The West Texas landscape is one dotted with cattle ranches, pump jacks, flaring torches of gas wells, all encapsulated under a blistering sun. Oil and gas revenues rank first in the state’s economy. Isn’t all that true? Not quite. Cattle contributed more dollars than oil or natural gas production in the past. Thanks to a second harvest in the Barnett Shale, gas may now top cattle.

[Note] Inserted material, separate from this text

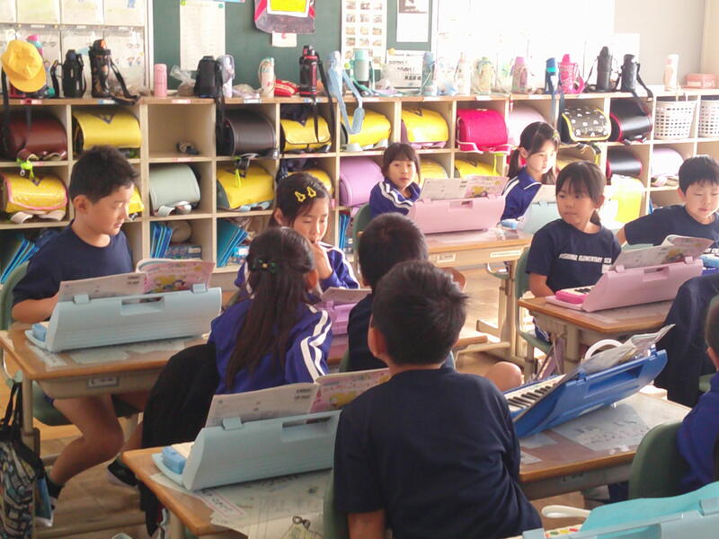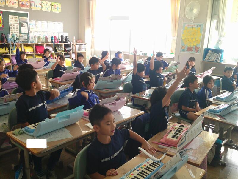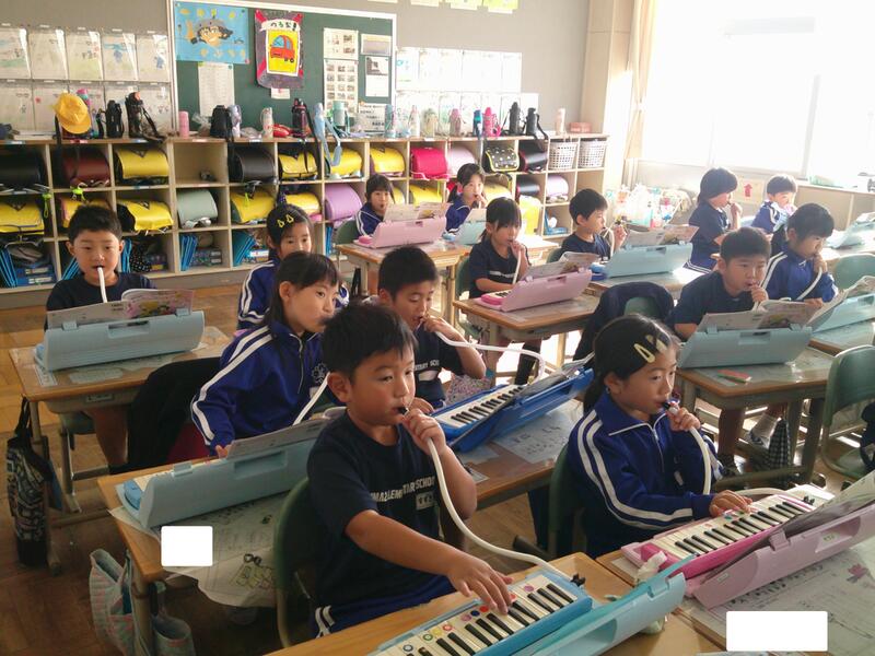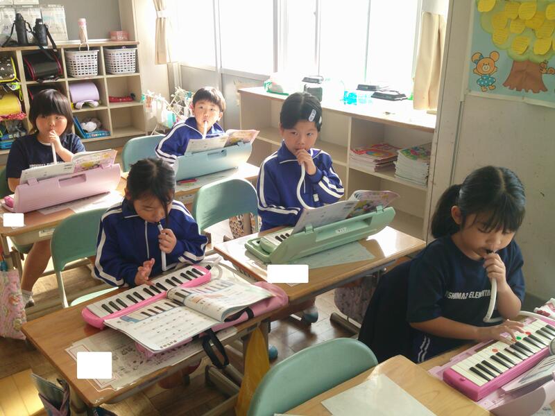1年生は、音楽で鍵盤ハーモニカの学習。
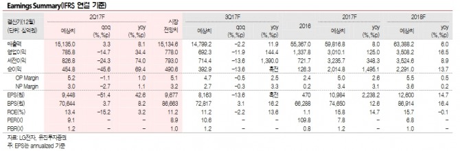 노 연구원은 "LCD 패널 가격 상승에도 불구하고 OLED TV와 대면적 UHD 판매량 확대로 수익성과 시장지배력은 더욱 견고해질 것으로 확신한다"며 "계속된 사업구조 개선과 중저가 스마트폰 역량 강화에 따라 MC사업부의 손익은 점차 안정화 단계에 접어들고 있다"고 말했다.

West Texas ranch and range land is honest country—doesn’t deceive you with trees, bushes, vines or shade. There’s no place to hide from the sun. The litany of such places is always supplication for rain and the colloquy of praise is ever for it. The earth is rocky, thorny, and dry, and those known as legacy ranchers who lived, and still do, on the land inherited from their ancestors, often have personalities to match. They, like the land, endure.
Recently, drought-draped silence hung over West Texas. You read about it, saw the gut wrenching images: the furious winds fanning fire and brimstone, reminding of the Old Testament rhetoric about hell; the roar of fire and fire trucks and the noise of helicopters dropping orange fire retardant and precious water. Dust Devils filled with flames raced across the prairie grasslands west of the urban places where we wrung our hands because we weren’t able to water lawns and landscapes as much as we wanted.
Meanwhile, back at the ranch, drought destroyed grasses, hay, grain, even cattle and wildlife, all of which had to have water to survive. Then the fires started with relentless abandon. Ranchers who make a living by raising and selling beef animals witnessed the destruction along side the Forestry Service who provided dozers and helicopters, Texas National Guard, volunteer fire departments, and firefighters. The drought in concert with wildfires delivered a blow of such magnitude that recovery may take years. The economy played descant to the dirge of wastelands.
In Jack County, lying on the eastern edge of West Texas, one rancher, of many across the entire state, witnessed it all, faced the cataclysmic event, fought as hard as he could, and came away almost whipped with his head almost down—but not quite. He had been through it all before in the 50s, considered the worst drought in the history of the Southwest and West. Jerry Craft, owner of Craft Ranches, is his name and he represents others whose names you may never have heard. West Texans are accustomed to anonymity, even though ancestral roots go back for four and five generations.
During the great fires that consumed thousands of acres and homes around Possum Kingdom Lake, other places were hit as hard. 2500 acres of one of the Craft Ranches went up in flames. State and federal agencies came to help and advised evacuation.
How do you evacuate a ranch? Fences were cut to allow cattle to escape and move to other locations. However, cows put their calves down in the grass, something cattle do when dire circumstances occur. Calves were consumed by the fire, knowing not to leave where their mamas left them. Other cows, perhaps checking on their offspring or reluctant to leave them, had hooves burned off and were left walking on leg bones. Those animals had to be shot.
Because so many fences were cut, cows and calves got separated and in the aftermath required hours and days to rematch pairs. After matching what they could and pulling orphaned calves aside, Craft gathered a significant number in order to wean them much too early. He hauled the new weanlings to a feed lot where they would be finished; that is, fed to a weight suitable for sale. The animals were forced to stand in un-shaded pens where they jostled each other just to get in the shade of telephone poles. Craft reported that he went daily to check on them until he couldn’t stand any more. The calves were in misery, panting with every breath, indicating extreme distress. Clint, Craft’s son, reported that the ground temperature was measured at 138 degrees. His home on the ranch had been spared but with the flames coming within 50 feet of his house. He, too, was in the thick of things.
Asking what measures other ranchers took, Craft cited the list of the biggest ranchers such as the Spade, 4-6s, Pitch Fork, Brown, and others who were able to move their cattle to Nebraska where grass and water were available. The costs were enormous but Craft defended their choice because they, too, had been on the land for many generations, developing genetic lines within their respective breeds to withstand the vagaries of Texas weather. They couldn’t afford to sell out and begin again. Oil and gas monies over the years combined with the best ranching techniques allowed them enough profit to make the hard and expensive decision. What will happen to the herds over a Nebraska winter, harsh in its own way as Texas summer, is yet to be determined.
Craft and some others like him salvaged enough to try again. A rain of 5, 3, and an inch or two fell a few weeks ago to partially fill a small lake, the main water supply for the ranch. There will be enough to last the winter and maybe the spring, he said, but after that who knows.
There is a myth abroad that many Texas ranchers are oil millionaires, absentee cowboys hiring others to ride their ranges—J. R. Ewings. Not so with Craft and others like him. They are in the business of raising cattle—food—for the nation but also the world. Texas is one of the largest exporters of beef, if not the largest. Beef is still one of the mainstays of protein to a hungry planet, no matter how health experts turn it. Ranching is not outsourced. May their tribe hang on, or at least survive.